Ubud is the ultimate.
Monkeys and Balinese Hinduism.
"Mangy, worm-eaten hellhounds of Ubud."

My old NYC friend, Tuey, met me in Bali on New Year's Eve day. He had stepped off the plane in Denpasar, got stopped at immigration, and ended up in one of those little side rooms for the same reason I did. (Lesson learned: Don't ignore what the guidebooks say about needing a passport valid for six months from time of entry to Indonesia!) Unfortunately he came in to meet me $100 short and some immigration officer was feeling good.

After swapping stories we found we both had apprehensions about Bali. It was overrun with tourists, and especially so during the Christmas and New Year's holidays. For me, after being among Javanese for six days, running into travelling types and hanging out with locals, to be suddenly flung into the category of "white tourist" and to be constant prey to much more pushy, aggressive vendors-- was totally overwhelming. But after getting all our frustrations out, we planned to enjoy our stay in Bali no matter what.
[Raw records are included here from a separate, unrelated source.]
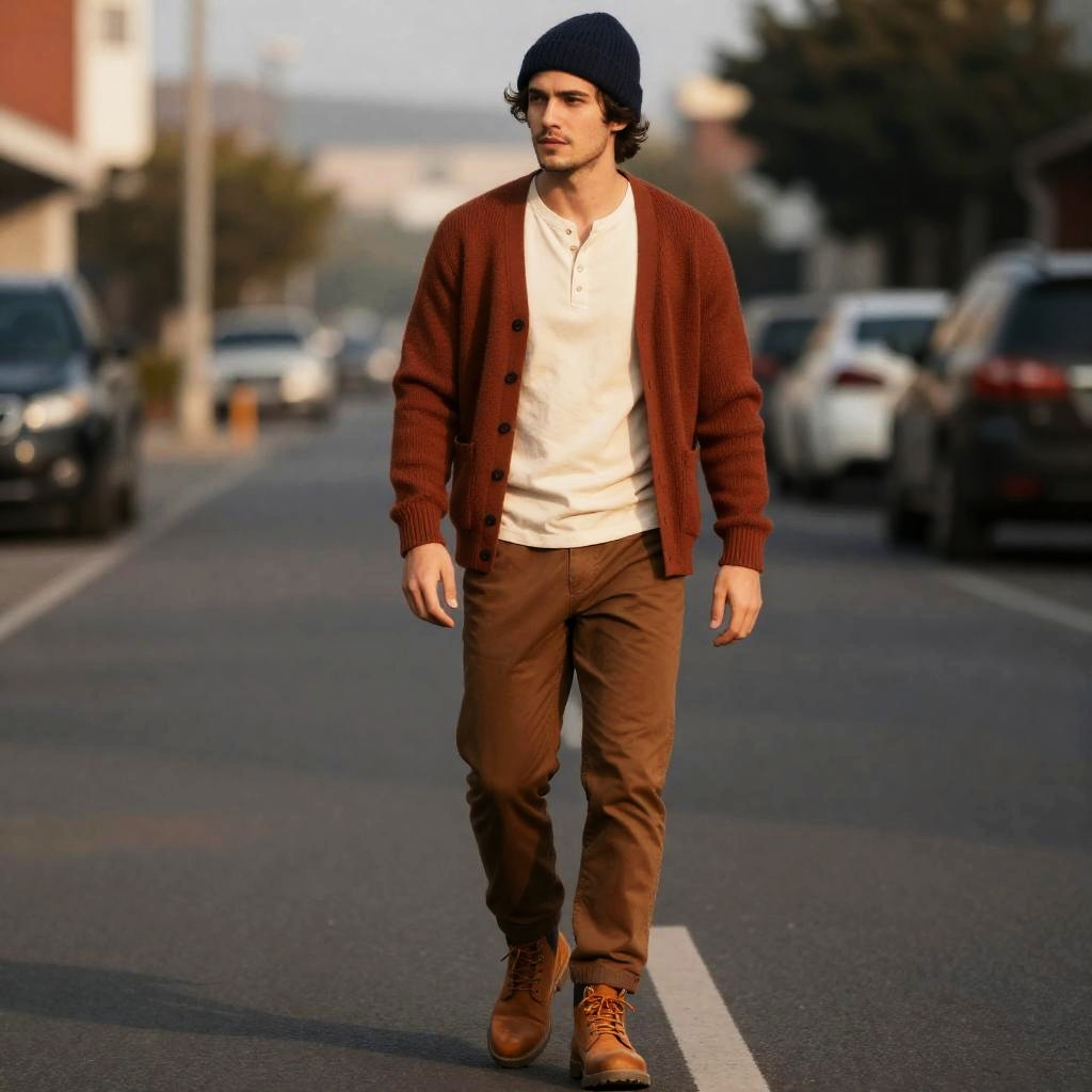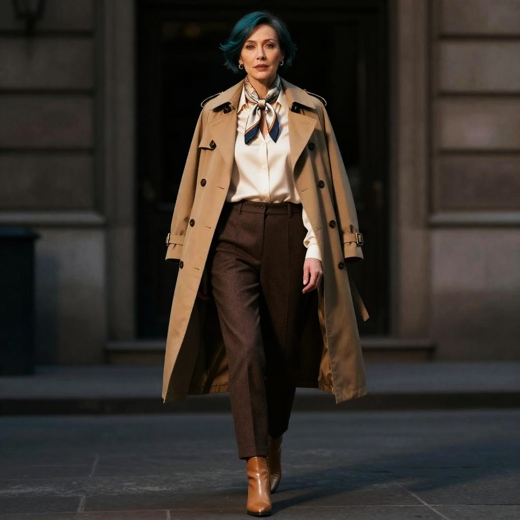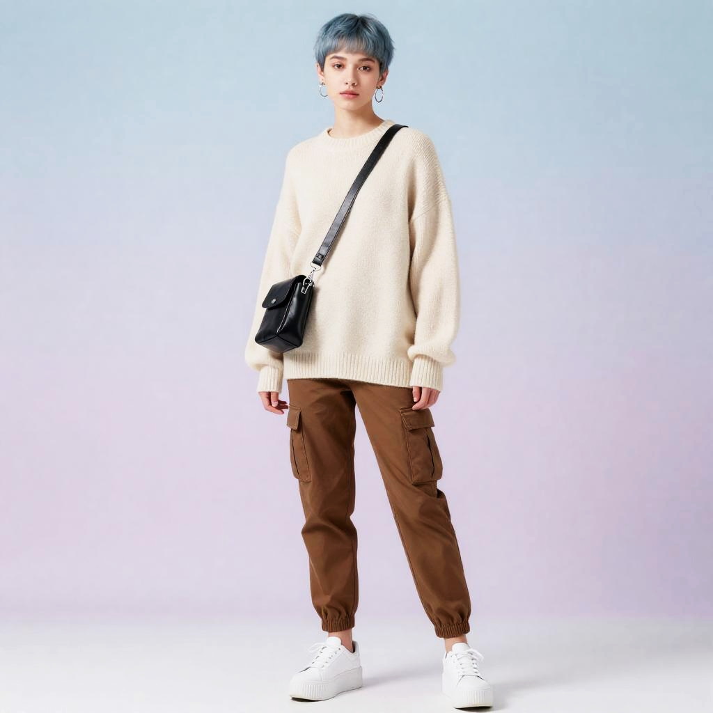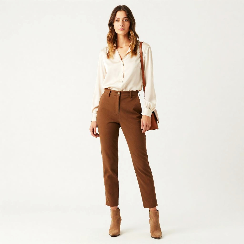 Young non-binary adult, androgynous lean, asymmetrical shoulder-length mullet with teal tips, brown pants outfit, brown wide-leg linen pants with a tucked-in ivory linen shirt, cropped caramel leather vest, woven tan belt, and tan suede ankle boots, neo-noir film grain with warm undertones
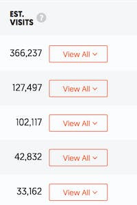 In addition, you will see the search volume (vol), a website's ranking position (position), estimated visits (EST. Visits) and SEO difficulty (SD).
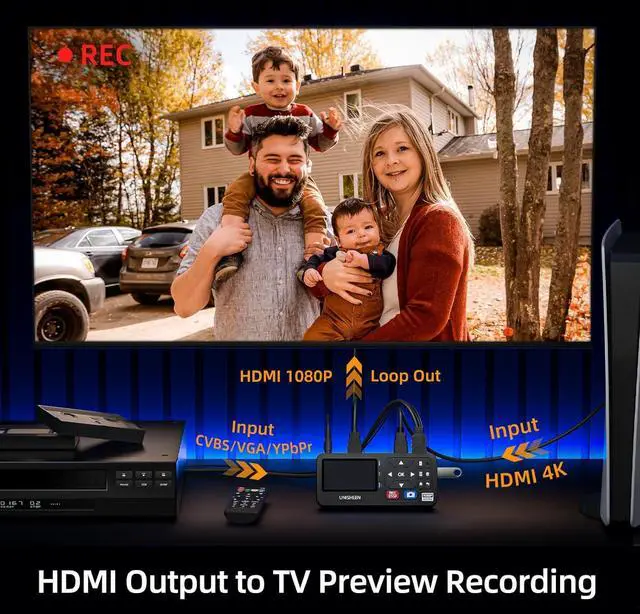 Experience the ultimate convenience with our plug-and-play video capture box, designed for effortless connectivity without the need for a computer. Boast large storage options with support for USB drives up to 512GB, hard disks up to 8TB, and SD cards up to 512GB, ensuring you have ample space to capture every moment.
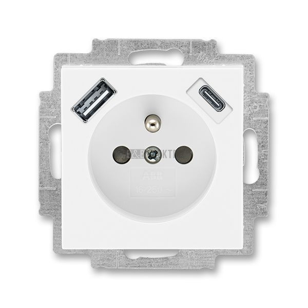 Levit® zásuvka jednonásobná s kolíkem, clonkami a nabíjením USB-A + USB-C 5569H-A32357 03 bílá/bílá ABB
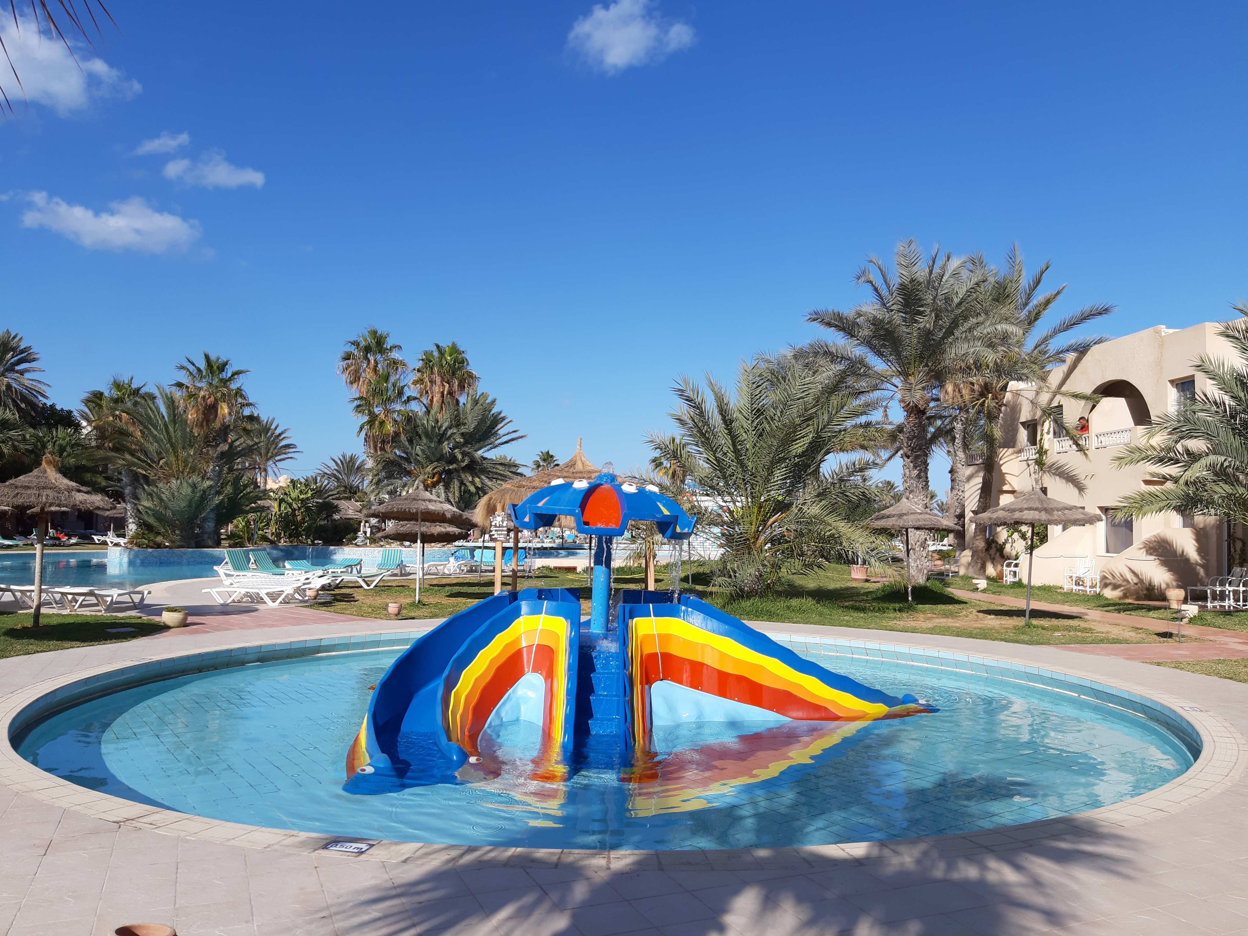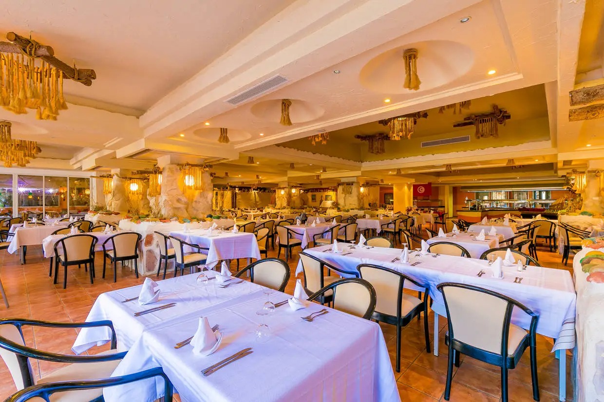 Основен ресторант, 5 а-ла-карт ресторанта (тунизийски , рибен ,марокански, ливански , средиземноморски – срещу заплащане/с предварителна резервация, съгласно концепцията на хотела/1 безплатно посещение на 1 от ресторантите при минимум 7 нощувки), 3 бара, мавританско кафене (срещу заплащане), открит басейн, 3 водни пързалки, закрит басейн (от 01.11 до 31.03), закрит басейн с морска вода в Таласо центъра (срещу заплащане), 2 конферентни зали и заседателна зала, магазин, обмяна на валута, денонощна рецепция, Таласо център.
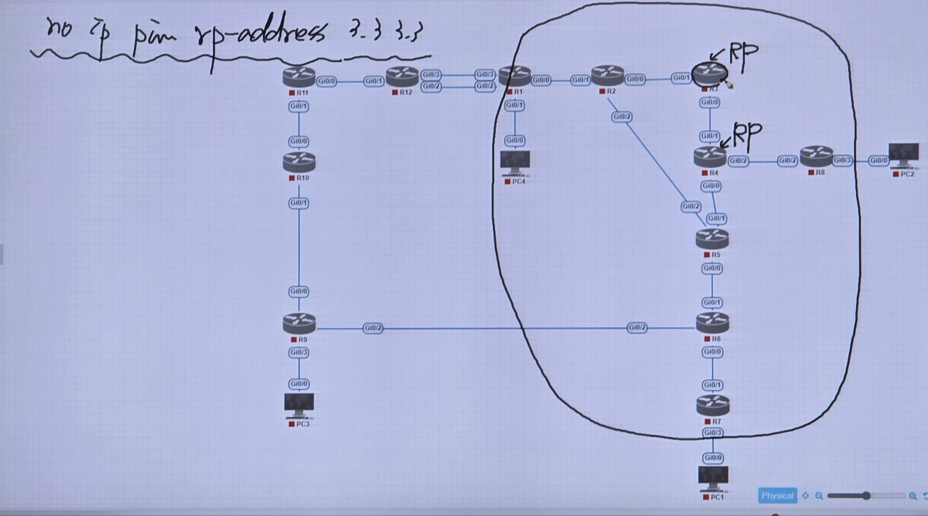 - LAB_1에서 설정한 ip pim rp-address 삭제
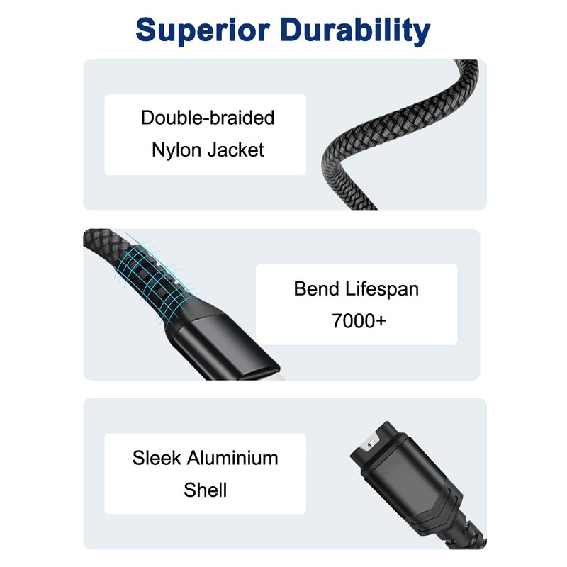 - (Stronger) With a double braided nylon jacket and aluminum housing, this cable is much stronger than the original and will last longer than you could ever imagine.
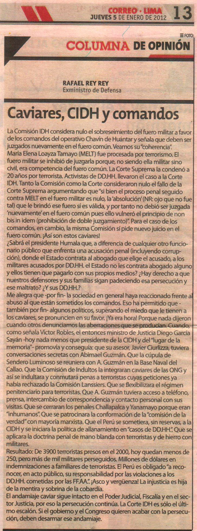 Caviares, CIDH y comandos By Rafael Rey On 5 Enero, 2012 In Corte Interamericana de DDHH, Estado y fuerzas armadas, Incoherencias, Injusticia Previous Dos agresiones a la fe, en el año de la fe Next Carta al Presidente Humala
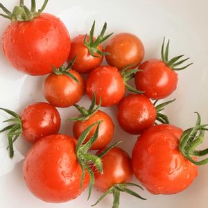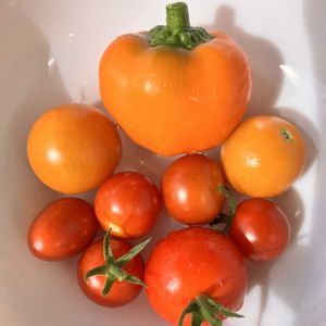 今日もトマトたくさん収穫✨ 酸っぱいのもあるし、皮も硬いけど、自分で育てた野菜はおいしいです╰(*´︶`*)╯♡
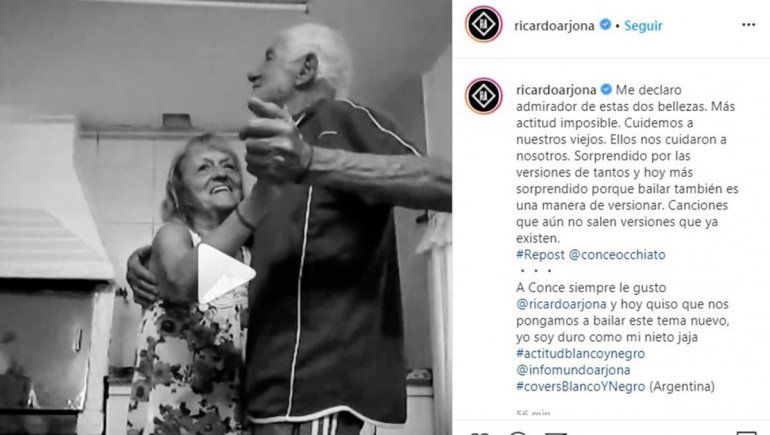 Al ver el video, el guatemalteco replicó las imágenes en su cuenta e hizo viral el tierno video. "A Conce siempre le gusto @ricardoarjona y hoy quiso que nos pongamos a bailar este tema nuevo, yo soy duro como mi nieto jaja #actitudblancoynegro @infomundoarjona #coversBlanco y Negro (Argentina)", fue el comentario con el que presentaron su baile los abuelos.
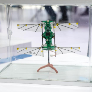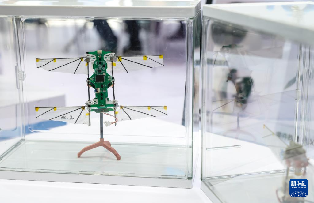 5月23日,中国科学院合肥物质科学研究院展出的微型仿生昆虫飞行器。
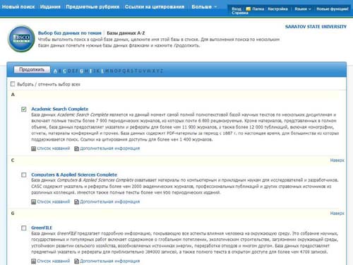 EBSCO – крупнейший в мире агрегатор научной периодики. Сочетает в себе реферативную (охват – более 10000 журналов) и полнотекстовую (охват – более 4000 журналов) базы данных. Ресурс не нуждается в подробном представлении, так как хорошо знаком нашим читателям уже более десяти лет. Но случались досадные перерывы в доступе – и здесь всё дело в деньгах... Компания регулярно предоставляет подписчикам бесплатный временный доступ к новым коллекциям. Так, недавно была подключена база данных CASC (Computers & Applied Sciences Complete), которая охватывает материалы по компьютерным и прикладным наукам, а также по материаловедению для исследователей и разработчиков. Она содержит рефераты из более чем 2000 академических журналов, профессиональных публикаций и других справочных источников из различных коллекций. Имеются также полные тексты более чем 950 периодических изданий. INSPEC – реферативные базы по научной и технической литературе. Подписка до 1 января 2012 г.
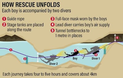 Two divers will accompany each boy, guided by a rope. When faced by a narrow passage they divers will release the oxygen tank and gently guide the boy and the tank through seperately.
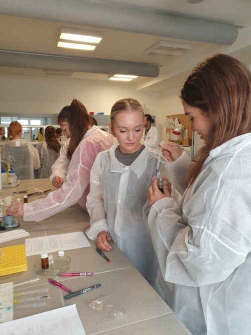 Vybraných 26 studentů a 2 pedagogové našeho gymnázia se v pátek 19. září, opět po roce, zúčastnili akce Týden vědy v Contipru v Dolní Dobrouči. Letošní téma bylo „V kůži výzkumníka“. Byl pro nás připraven velmi zajímavý program obsahující přednášku na téma „Kůže: hrdina našeho těla“ a tři workshopy, při kterých jsme si ve výzkumných laboratořích této firmy vyzkoušeli například vyrobit vlastní nanovlákennou masku s obsahem kyseliny hyaluronové nebo sestavit mini automatizační linku a naprogramovat roboty a kameru.
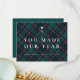 Envíe sus más sentidas gracias esta temporada navideña con nuestra elegante tarjeta de Navidades de doble cara. Con un atrevido fondo escocés en verde y rojo con una tipografía crujiente en blanco, el frente dice "Hiciste nuestro año" con espacio para tu logo o monograma. La parte posterior incluye un mensaje de vacaciones de personalizable en el que puede expresar su gratitud a clientes, colegas o socios mientras muestra sus detalles y logotipo de negocios. Una elección sofisticada para empresas, pequeñas empresas o profesionales que buscan difundir alegría y apreciación durante la temporada festiva. Añada la redacción de su personalizado a este diseño utilizando los cuadros "Editar esta plantilla de diseño" en el lado derecho del elemento o haga clic en el botón azul "Personalizar" para organizar el texto, cambiar los tipos de letra y los colores y también añadir información o imágenes adicionales a este diseño. Haga clic en "Personalizar adicional" para abrir opciones completas de edición. Si necesita algún elemento de coordinación, (gracias a las tarjetas, etc.) por favor contáctame para un pedido de personalizado. **** Para las solicitudes de personalizado con las que necesita mi ayuda, no coloque esta mercancía en su carrito. En su lugar, envíeme su solicitud por correo electrónico a lauralise@iyhtvdesigns.com Una vez que el artículo esté disponible, se le enviará por correo electrónico un enlace a su mercancía. Puede usar ese enlace para realizar su pedido. Por favor, espere hasta 48 horas.
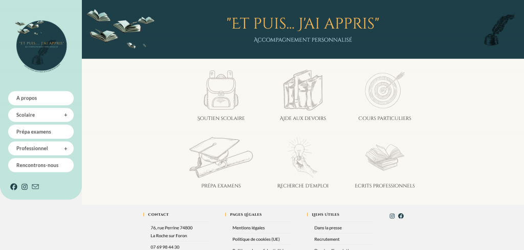 Site web WordPress réalisé pour une entreprise de cours particuliers et soutien scolaire à La roche sur Foron.
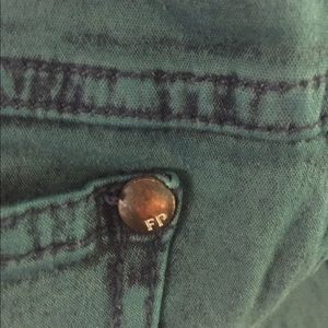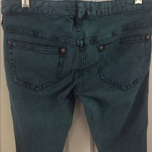 Beautiful deep green Free People stretch denim. Comfortable and looks great with a brown wedge!
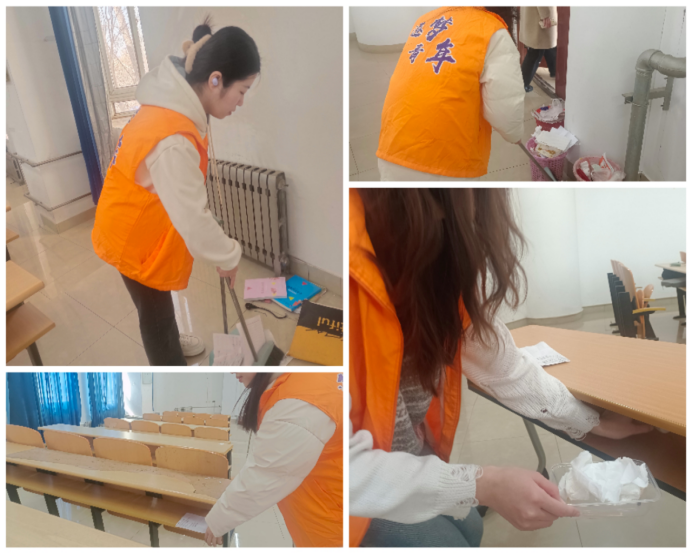 实践活动主要分为两个板块,第一个板块以打扫教室卫生、清理教室杂物、摆放物品为主。支部党员和入党积极分子在成人网
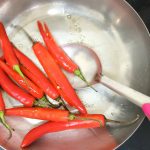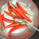 - While I have used Thai red chillies here, any mild red chilli peppers can be used. This recipe can also be followed with green chillies.
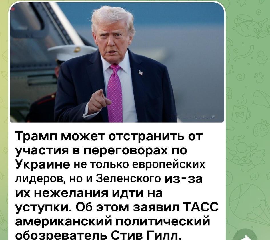 [笑哭]因欧洲领导人和泽连斯基不愿做出让步,特朗普可能将他们排除在关于乌克兰的谈判之外。美国政治评论员史蒂夫·吉尔在接受塔斯社采访时表达了这一观点。
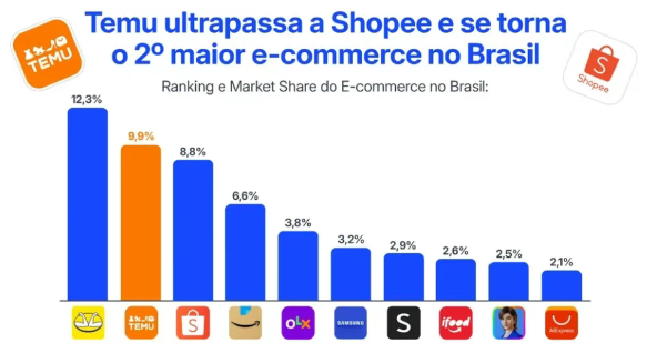 Conversion数据证实,2025年4月,Temu以9.9%流量份额反超Shopee,稳坐巴西第二大电商宝座。单月点击量激增5600万次,环比增长25.8%,推动巴西进口商品访问量同比飙升132%。自2024年6月进入巴西后,Temu仅用10个月跻身前五,次年4月登顶第二,下载量力压美客多。
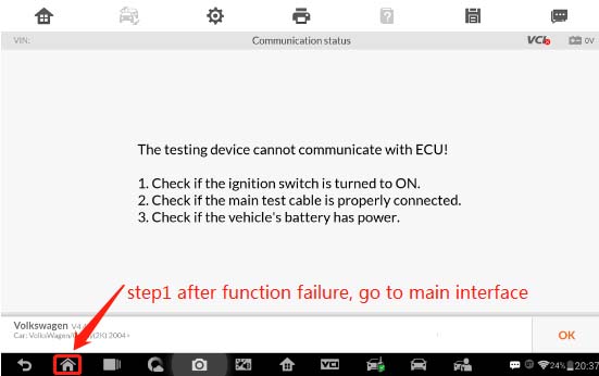 Step 1: Go back to the main screen on your IM608 Pro when a function fails.
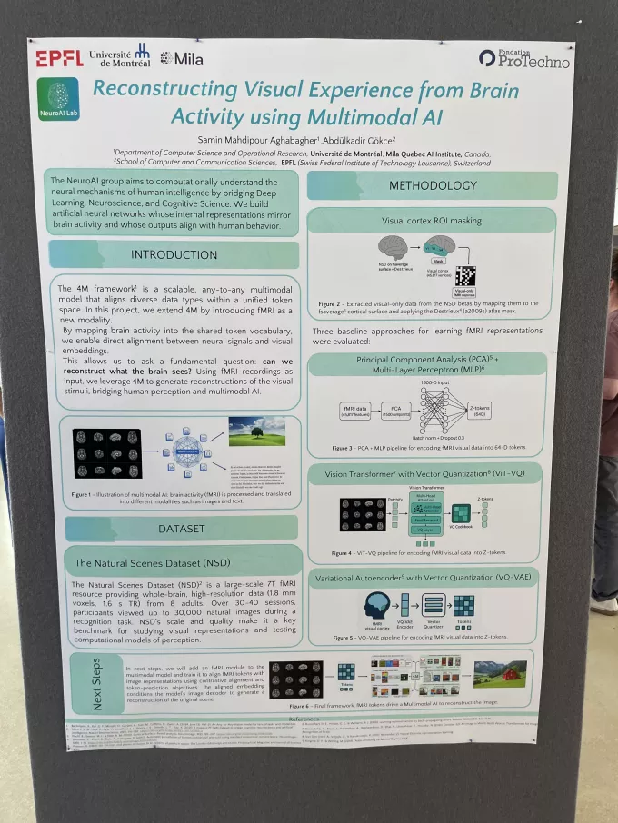 The symposium showcased a wide array of research projects — from structural biology to brain–computer interfaces. One standout was a team working on Reconstructing Visual Experience From Brain Activity, where the group is exploring the use of fMRI recordings and tokenized brainwave data to train multimodal AI models capable of generating visual reconstructions from neural data.

We left our beach hotel in Sanur and went over to Kuta--which is really swarming-- yet has better accommodation prices (you can do pretty well for $10-$15 per night), and we found a good place close enough to the action but far enough away. Beaches in Kuta are wider than in Sanur and the sand is white and wonderful--if you can stand all the riff-raff of vendors and tourists.

Went out dancing on New Year's Eve, walking and walking through crowded streets of tourists and locals wearing party hats and blowing horns in our faces and shaking hands and wishing Happy New Year. If you're not into crowds it's a nightmare...but we did find good all-night dancing at the Taj Mahal, which is WAY off the beaten track, more of a locals club so you won't find a lot of other visitors going there. That's what we like. Of course there are dozens of other clubs up and down the main drag, so enter them if you dare.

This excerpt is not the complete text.